As one court noted, homeowners' associations are created "as the medium through which enjoyment of [home owners'] common right might be preserved equally for all." The very nature of a homeowners' association is to protect home values for all in the community and, thus, there is a correlation between the fee and the land.
This concept seems to be widely recognized by the states which are passing legislation to ban private transfer fee covenants. Texas, Florida, Missouri, Hawaii, Kansas, Oregon and Ohio have all passed or introduced legislation to ban them. Of these states, all except for Missouri have exceptions for homeowners' associations (as well as a few other exceptions). I'm not sure why Missouri did not include such an exception, but I would guess that it was an oversight that may need to be addressed.
The number of states which are banning the Freehold-type covenants, the underwriters' refusal to insure them, and the negative press they have generated shows that there is a public policy which disfavors such encumbrances. If you come across one of these in your search, be sure to make a clear notation for your client. Before insuring a transaction in which such a covenant is included, a call to your underwriter may be in order.
The important thing is that you recognize the difference between the type of covenant referred to in the underwriting bulletins and legitimate transfer fee covenants used by homeowners' associations and other organizations which clearly touch and concern the land.

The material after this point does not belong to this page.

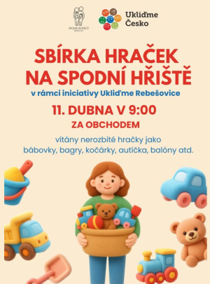 Milí sousedé, kdo máte doma již nepotřebné hračky vhodné na pískoviště, přineste nám je prosím na akci Ukliďme Rebešovice dne 11.4. v 9:00. Dětem na spodním hřišti určitě ještě udělají radost. A my přebytečné hračky uschováme a budeme je průběžně doplňovat a obměňovat za ty staré a rozbité.

The legislative actions addressing these covenants are certainly good for homeowners and the title industry. Unfortunatley, they are prospective in nature and will not affect the covenants already of record. It would be nice to see a challenge brought against one of these covenants to see if a court would enforce them. My guess is that it would be enforceable against the first purchaser, but most likely struck down as a private covenant that does not run with the land to bind subsequent owners.